Die Schlüsselszene wird mehrfach erzählt: Wie Klaus Gysi (1912–1999) in der Spätphase der Weimarer Republik hinter dem Fenster der elterlichen Wohnung in Berlin eine Arbeiterdemonstration beobachtete. Plötzlich trat die sozialdemokratisch kontrollierte Polizei auf, schoss in die Menge – ein Toter blieb auf dem Platz. Alles sei besser als das, erkannte der Beobachter, trat in den kommunistischen Jugendverband ein, bald auch in die Partei. Während des Faschismus ins Exil geflohen, ging er auf Parteibeschluss 1940 nach Deutschland zurück und überlebte in der Illegalität. Nach dem Krieg übernahm er in der DDR verschiedene Aufgaben. 1957 bis 1966 leitete er den Aufbau-Verlag und war danach bis 1973 Kulturminister. Als Ulbricht-Mann wurde er unter Honecker zunächst auf verschiedene Botschafterposten abgeschoben. Von 1979 an bemühte er sich als Staatssekretär für Kirchenfragen um die Stabilisierung der DDR, während Stagnation und Verfall immer deutlicher wurden. Ein Jahr vor der Maueröffnung ging er 76jährig in den Ruhestand.

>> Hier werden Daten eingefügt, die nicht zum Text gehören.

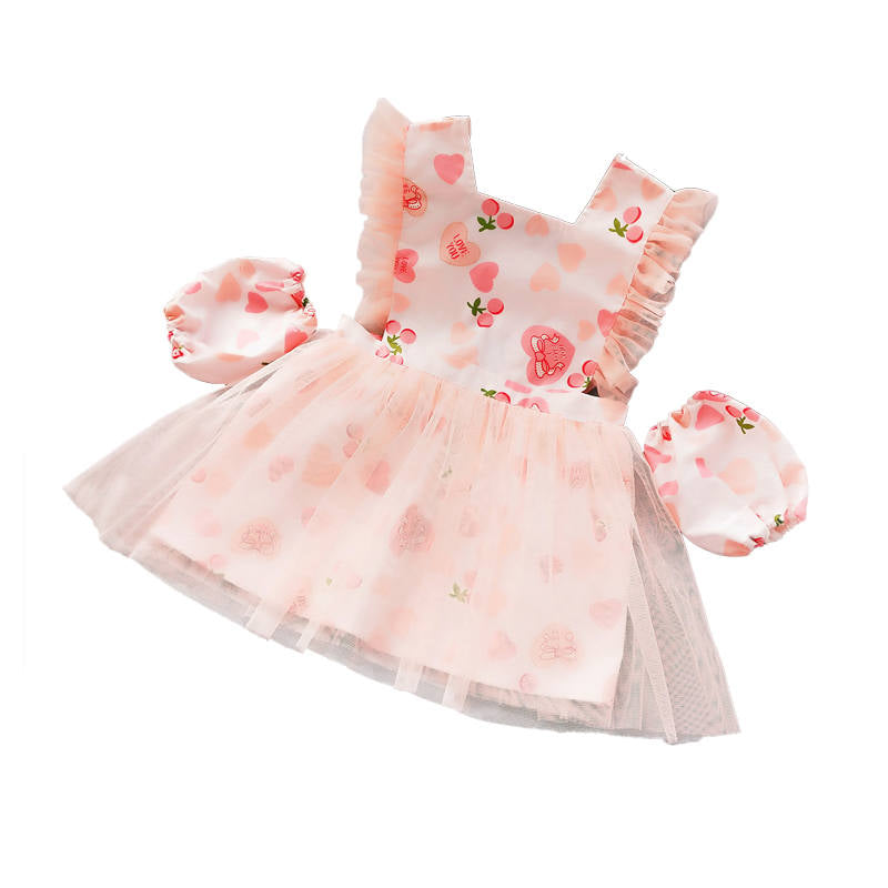 Girls Princess Dress Apron with Sleeves Covers for Cooking Painting-Cherry Heart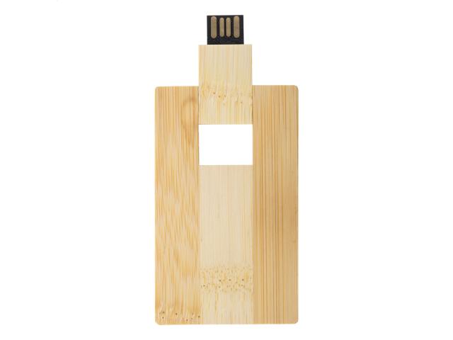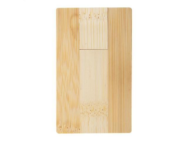 Credit card-shaped, bamboo USB flash drive. Capacity: 8/16/32GB. USB 2.0.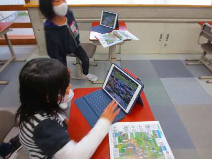 そして3枚目。実は今年度リニューアルした副読本「せと」にQRコードが載っていて、それを画像で読み取ると学校周辺を見ることができるのです。副読本もデジタル対応が進んできました。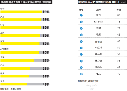 在要客研究院发布的《中国奢侈品电商报告》中,我们也看到,有很多因素在影响着消费者购买奢侈品。在所有影响消费者购买奢侈品的决策因素中,94% 消费者认为会受到评价的影响,其次是产品(93%),第三是价格(89%);但是值得注意的,APP 体验(80%)也是影响消费者线上购买奢侈品的重要因素之一。通过同行评价以及客户评价,京东与Farfetch 的APP 购物体验最受好评,主要涉及APP 的页面设计、响应速度、产品检索、支付方式、订单管理、客服模式、物流服务、产品品质、品牌等级等维度。
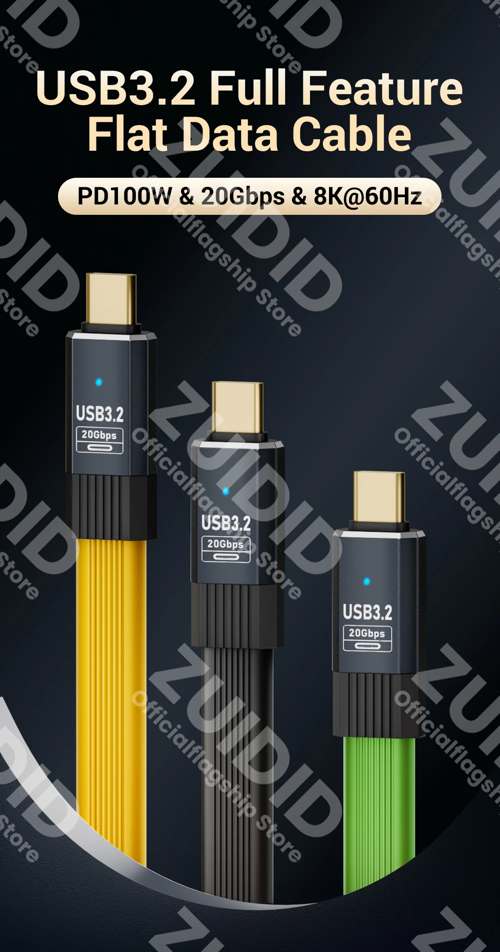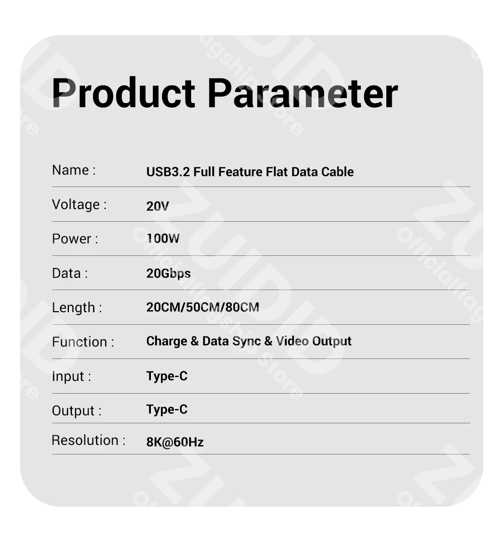 【20Gbps Super High Transmission Speed】100W USB3.2 cable can provide 20Gbps transmission speed, allowing you to transfer high-definition videos, movies, music and pictures within one second, achieving faster data exchange than 10Gbps cables.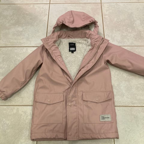 Kuling lasten vk-takki, koko 98, vaaleanpunainen väri, valmistettu polyamidista ja polyesteristä. Vedenkestävä. Takissa on irroitettava huppu. Kunto erinomainen, ei merkittävää kulumaa.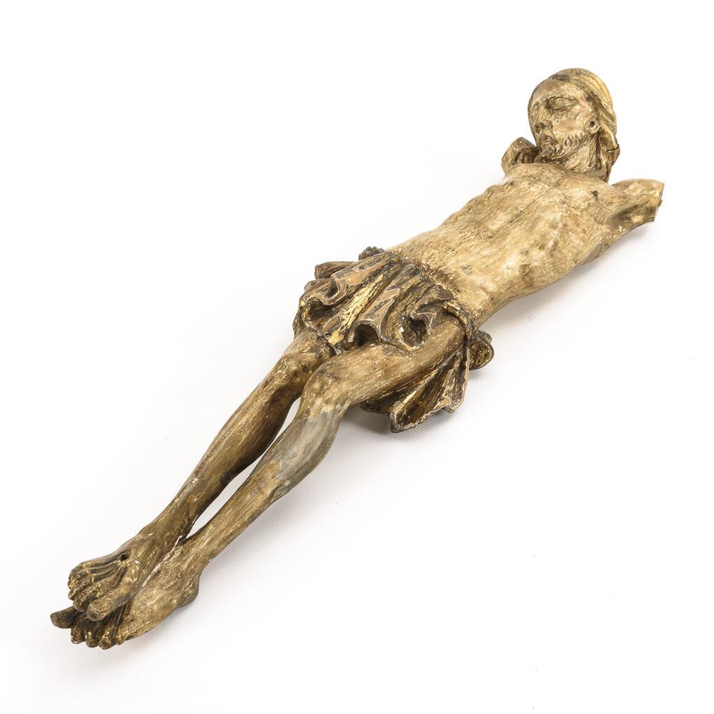 Christus mortuus im Dreinageltypus mit gelängtem Köper in pittoresker Drehung. Arme fehlen, 1 kleiner Trockenriss, Schäden an der Fassung, nachträgliche Goldbronzierung zumeist wieder entfernt.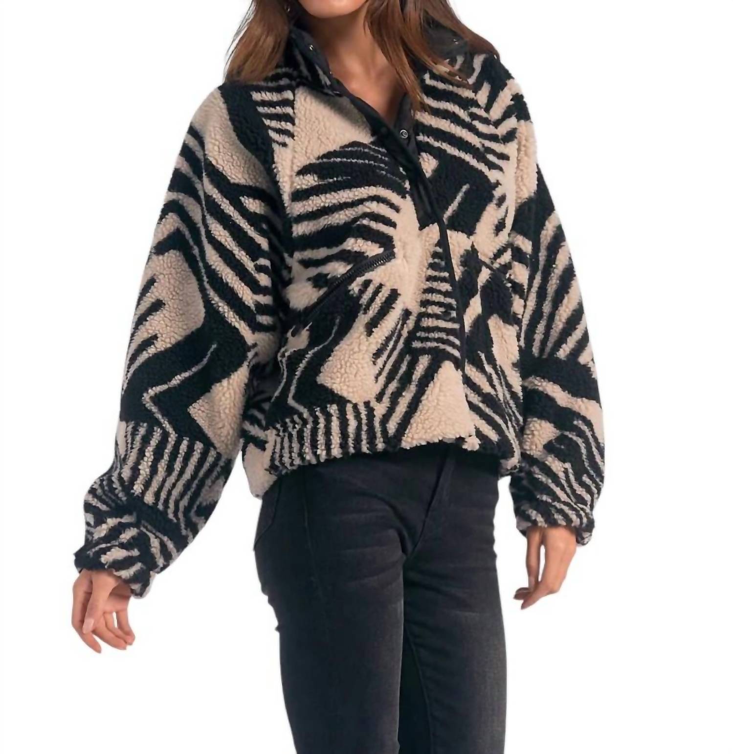Colder weather means jacket season and we are loving everything about this timeless teddy jacket. This cropped sherpa coat features long sleeves, a snap closure, and pockets. It has black and beige striped detailing with a zebra-style print. Made from 100% polyester. Length: 24" shoulder to bottom hem.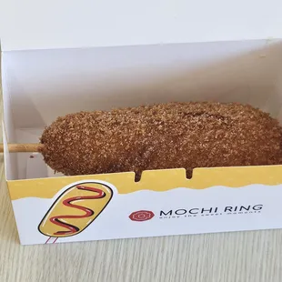 Oh, Mochi Ring.... Oh Mochi Ring...Why are you so delicious !!!!Seriously. I dont even like donuts. Its the texture of these rings that have me hooked. I guess they are made with rice somehow and wowzers, they are delicious. I purchased the taro ring and a peach sparkling lemonade with peach popping bubbles. I was in heaven. Would buy again Completely recommend. Please put one on the east side. Ps: they also have hotdogs and potato sticks. Yum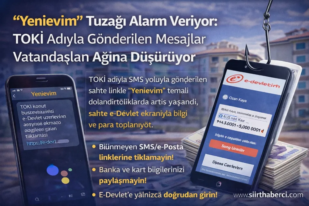 ABD merkezli teknoloji devi Google, kullanıcıların izni olmadan ses kayıtları yaptığı iddiasıyla açılan toplu davayı 68 milyon dolar ödemeyi kabul ederek kapatırken; Türkiye’de ise TOKİ adı kullanılarak yürütülen yeni bir dolandırıcılık yöntemi gündemde. Son haftalarda artan SMS’lerde, “Yenievim” başlığıyla gönderilen mesajlar üzerinden vatandaşlar sahte e-Devlet sayfalarına yönlendiriliyor.
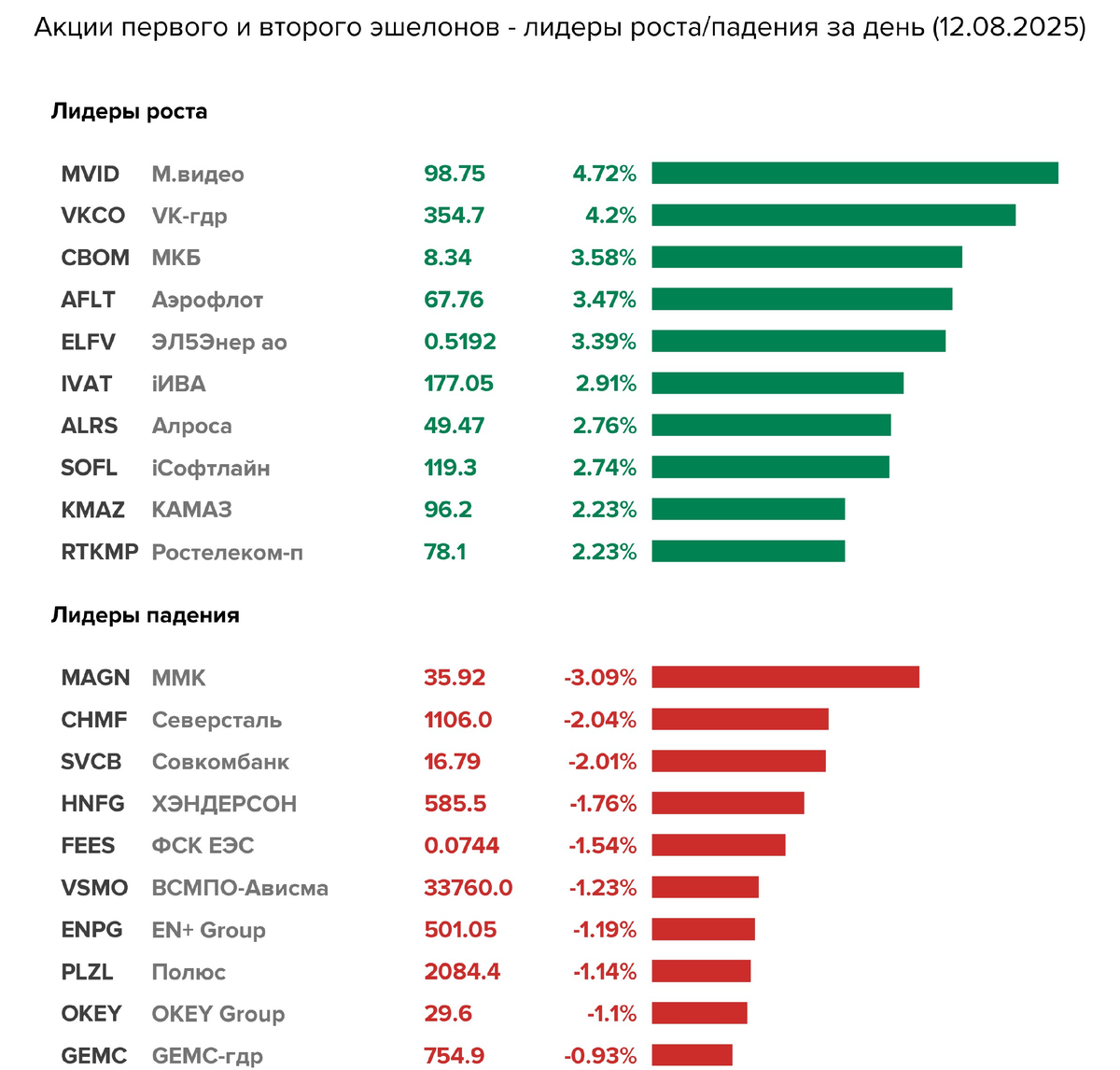 Всем привет! По итогам основной сессии 12 августа индекс Московской биржи прибавил 0,3%. Рынок замер в преддверии встречи Путина и Трампа. Но я не верю в позитивный для рынка результат, поэтому жду коррекцию в пятницу или уже в понедельник. Валюта все там же... А нефть уже 66 дол/барр. В связи со вчерашним "прогулом" публикую сегодня: Второй день освобождаюсь поздно вечером. Вчера после десяти часов, так как помогал родителям с переездом. Сегодня по работе поздно освободился и надо садиться готовиться к завтрашнему дню. Но решил, что второй прогул читатели не поймут. На бирже ничего сегодня не делал. Поставьте лайк и не забывайте подписываться на наш канал «Настоящий Миллионер» в телеграме, чтобы получать информацию еще быстрее, также можно поддержать автора оформив за 100 рублей в Дзене Премиум подписку, которая даст доступ к "закрытым" публикациям. А что сегодня покупали вы?
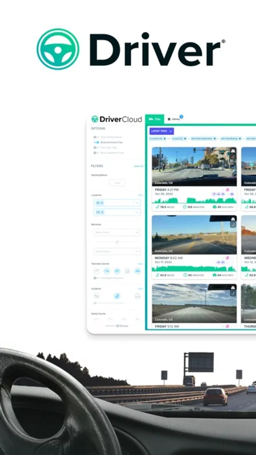 Driver uses machine learning algorithms to automatically capture hard braking, hard accelerations, speeding, near accidents, unsafe following events, and more. Data is knowledge and can be used by anyone to become a safer driver.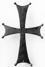 Bronzkereszt, négy, kifelé szélesedő szárának csúcsain egy-egy gömbbel. Elöl hosszú ruhát viselő, imádkozó férfialak látható szemköztnézetben, aureolával. Fölötte, alatta és két oldalt bekarcolt csillagminta. Az alak fölött bekarcolt felirat olvasható: Hagios / Nékétias.

Sein Sohn Andreas Goldstein skizziert in dem Film »Der Funktionär« weniger dieses Leben als seine Beziehung zu dem Vater und gerade dadurch ein Bild von Geschichte. Es handelt sich kaum um einen Dokumentarfilm. Historische Aufnahmen sind sparsam verwendet, Zeitzeugen fehlen ganz. Über weite Strecken sieht man Goldsteins alte Fotos, die Zimmer, Landschaften, Straßen zeigen – oft verwackelt, manchmal vergilbt. Oder die starre Kamera fängt Straßenszenen ein, die scheinbar ohne Bezug zu Gysis Leben sind; anhand von Autotypen, Straßenwerbung und Farbgebung versucht der Zuschauer zu erschließen, ob sie vor oder nach dem Anschluss der DDR entstanden sind. Dazu hört man einen Sprecher, der aus einer Ich-Perspektive berichtet. Der Text wirkt erst einmal einfach, die Sätze sind extrem kurz. Das aber ist das Ergebnis von Verdichtung. Begebenheiten werden rekapituliert, Gedanken über die Geschichte des Sozialismus und Geschichte überhaupt sehr prägnant formuliert. Das Aphoristische birgt Erkenntnis, man würde es zuweilen gern nachlesen. Die literarische Qualität geht an die Grenze dessen, was in einem Essayfilm möglich ist.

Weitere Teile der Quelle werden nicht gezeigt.